About this exercise:
Repeat the records below exactly from the line containing "With its beautiful" to the line containing "Maszynka do mielenia", taking in both of those lines. Drop the pictures.

Record excerpts:
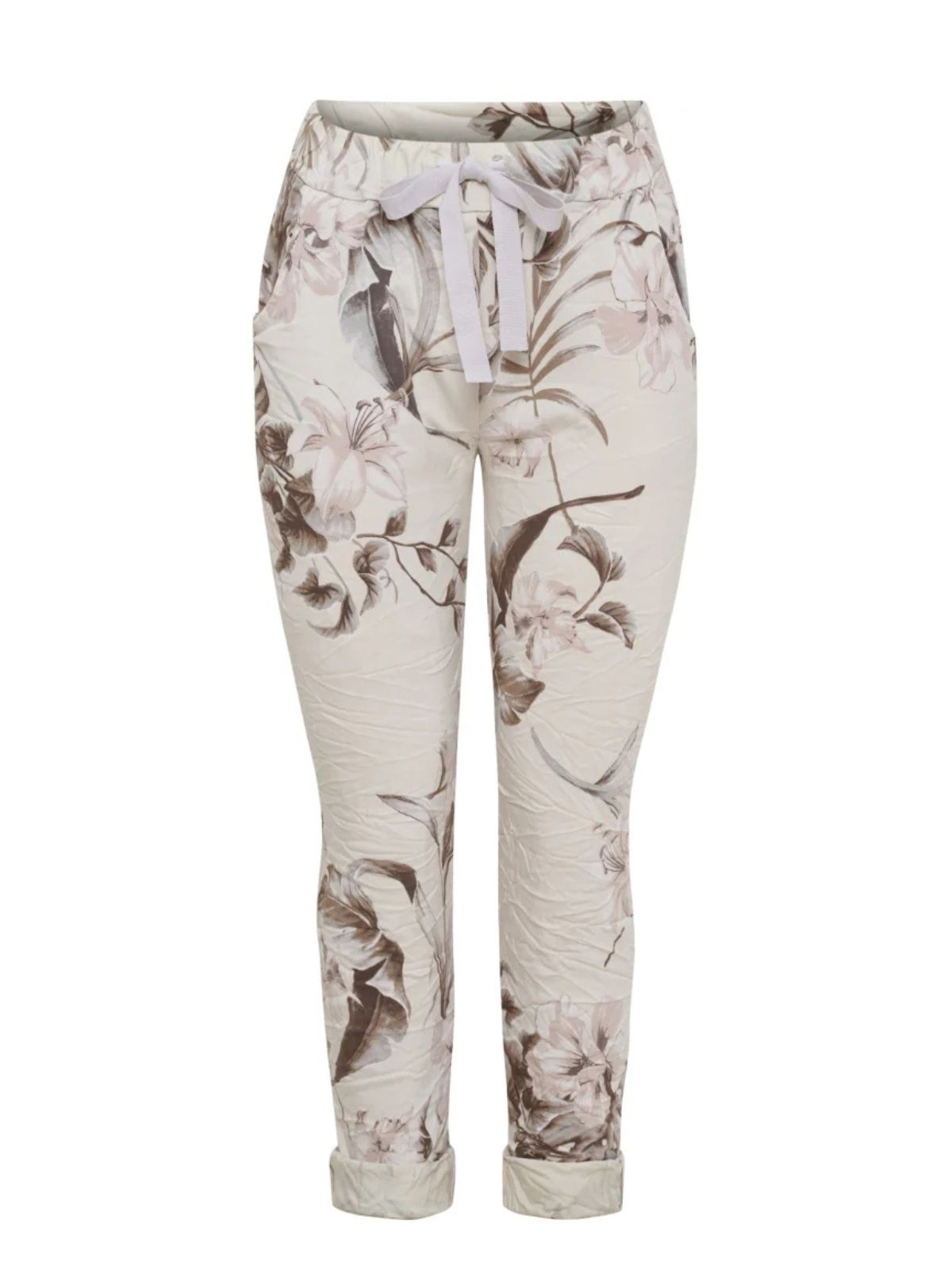 ROSABEL smarte bukser med blomsterprint fra Marta de Chauteau. Buksen erbløde med elastisk talje med bindebånd og i design med masser af stræk for den gode komfort.
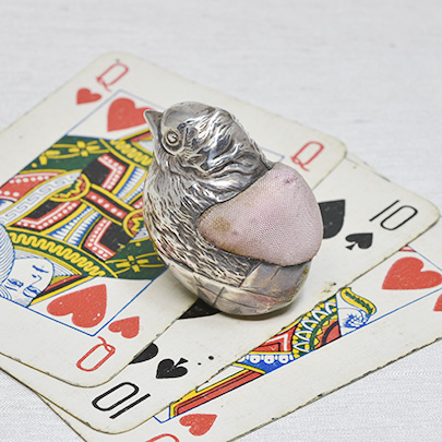 背中の部分にピンク色のシルクらしき布が張ってあり針を刺せる仕組みです。
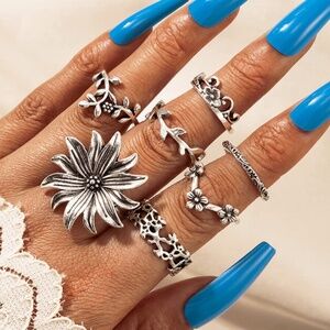 **DAVINA* 7-Pc Silver x Flower Fashion Ring Set
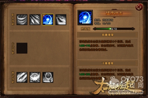 51《太極崛起》中技能分為三類,分別是職業(yè)技能、心法技能和被動(dòng)技能。玩家在游戲中獲取武功秘籍后,就可以激活相應(yīng)的技能。職業(yè)技能激活后,大家通過技能熟練度的增長(zhǎng)可以提升技能等級(jí),增加技能傷害。心法技能可是必修哦,作為唯一一個(gè)全屏技能,不僅傷害杠杠的,而且特效酷炫。修習(xí)被動(dòng)技能,可以永久增加人物的攻擊、防御及生命屬性。
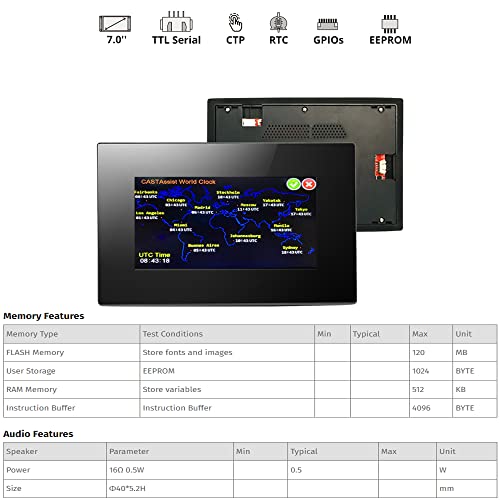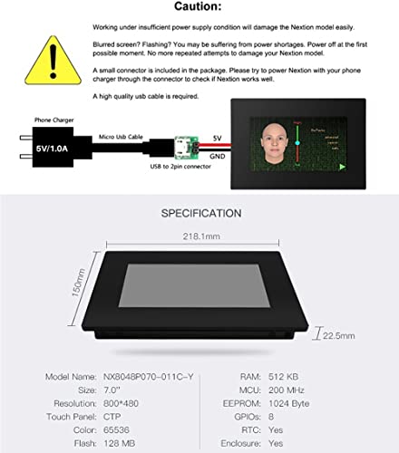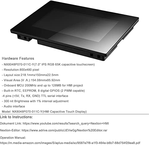 Aihasd Nextion 7.0 inch LCD Module Touch Screen Display Intelligent Series HMI IPS RGB 65K Capacitive Touchscreen Pannel With Enclosure (NX8048P070-011C-Y)
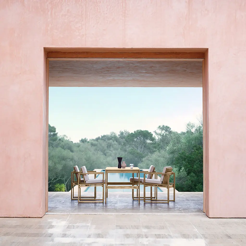With its beautiful teak wood, the BK10 Dining Chair is suitable for both indoor and outdoor use. For Bodil Kjaer, designing has always involved a dialogue with architecture, and her work has always been created for humans. She has worked to create harmony between design and architecture - an ambition that, in 1959, resulted in an elegant outdoor furniture series characterized by such high functional and aesthetic qualities, that it was also suitable for indoor use. The furniture has a clear identity, an evident simplicity, and is based on high-quality materials and superior craftsmanship. NOTE: Cushion Sold Separately. View BK10 Cushion
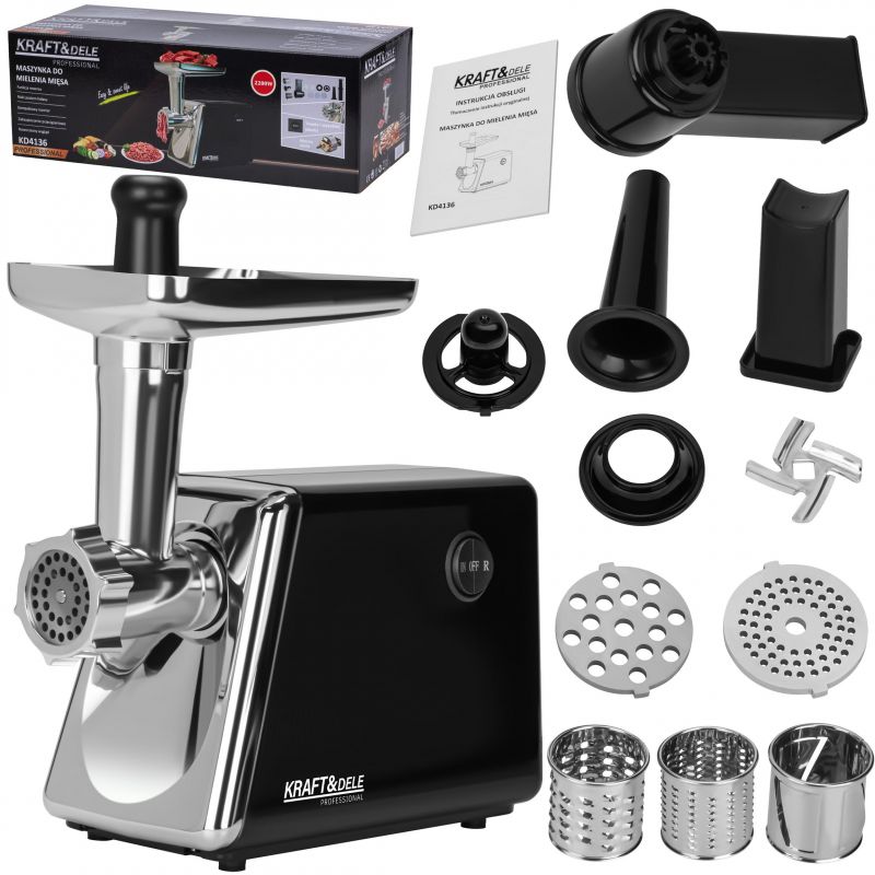Maszynka do mielenia mięsa | Moc nominalna 800W | Szatkownica z 4 rodzajami ostrzy | 3 dyski do mielenia | 2 ostrza tnące | Metalowa taca | Tryb wsteczny | 2 moce pracy | Akcesoria masarskie | Schowek na akcesoria | Antypoślizgowe nóżki | Zabezpieczenie przed przegrzaniem
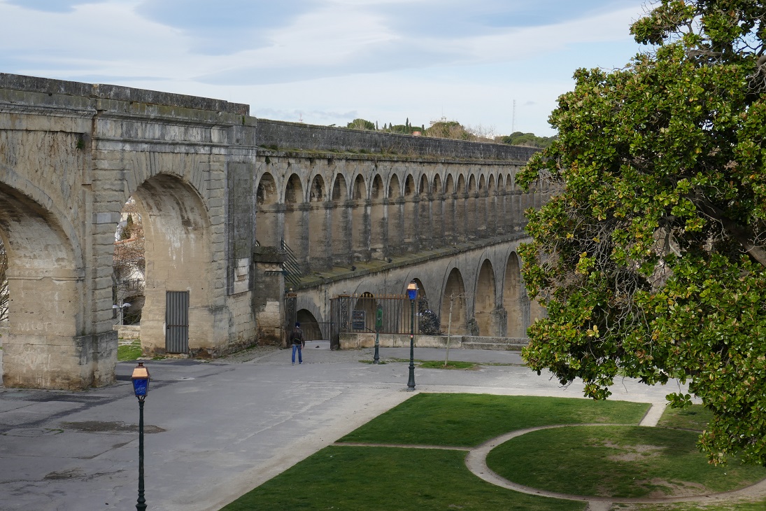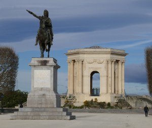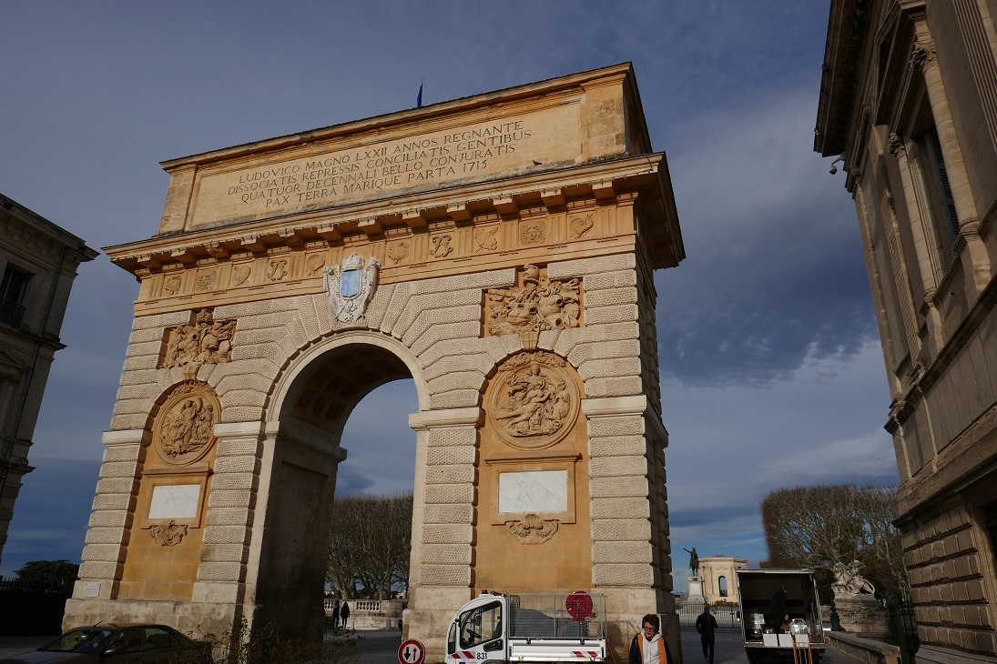 Speaking of places to walk, it was a short stroll from there over to the Promenade du Peyrou, a square that was begun in 1685 with five purposes: as a viewpoint to the mountain ranges of the Cévennes and the Pyrénées; to display a statue of Louis XIV (the Sun King); to showcase an Arc de Triomphe that replaced one of this formally-walled city’s gates; to house the Chateau D’Eau which is a very classy looking water tower; and as the endpoint of a Roman inspired aqueduct from 1753 that is still used today to supply water to the decorative fountains all over town.

Solution to this task:
With its beautiful teak wood, the BK10 Dining Chair is suitable for both indoor and outdoor use. For Bodil Kjaer, designing has always involved a dialogue with architecture, and her work has always been created for humans. She has worked to create harmony between design and architecture - an ambition that, in 1959, resulted in an elegant outdoor furniture series characterized by such high functional and aesthetic qualities, that it was also suitable for indoor use. The furniture has a clear identity, an evident simplicity, and is based on high-quality materials and superior craftsmanship. NOTE: Cushion Sold Separately. View BK10 Cushion
Maszynka do mielenia mięsa | Moc nominalna 800W | Szatkownica z 4 rodzajami ostrzy | 3 dyski do mielenia | 2 ostrza tnące | Metalowa taca | Tryb wsteczny | 2 moce pracy | Akcesoria masarskie | Schowek na akcesoria | Antypoślizgowe nóżki | Zabezpieczenie przed przegrzaniem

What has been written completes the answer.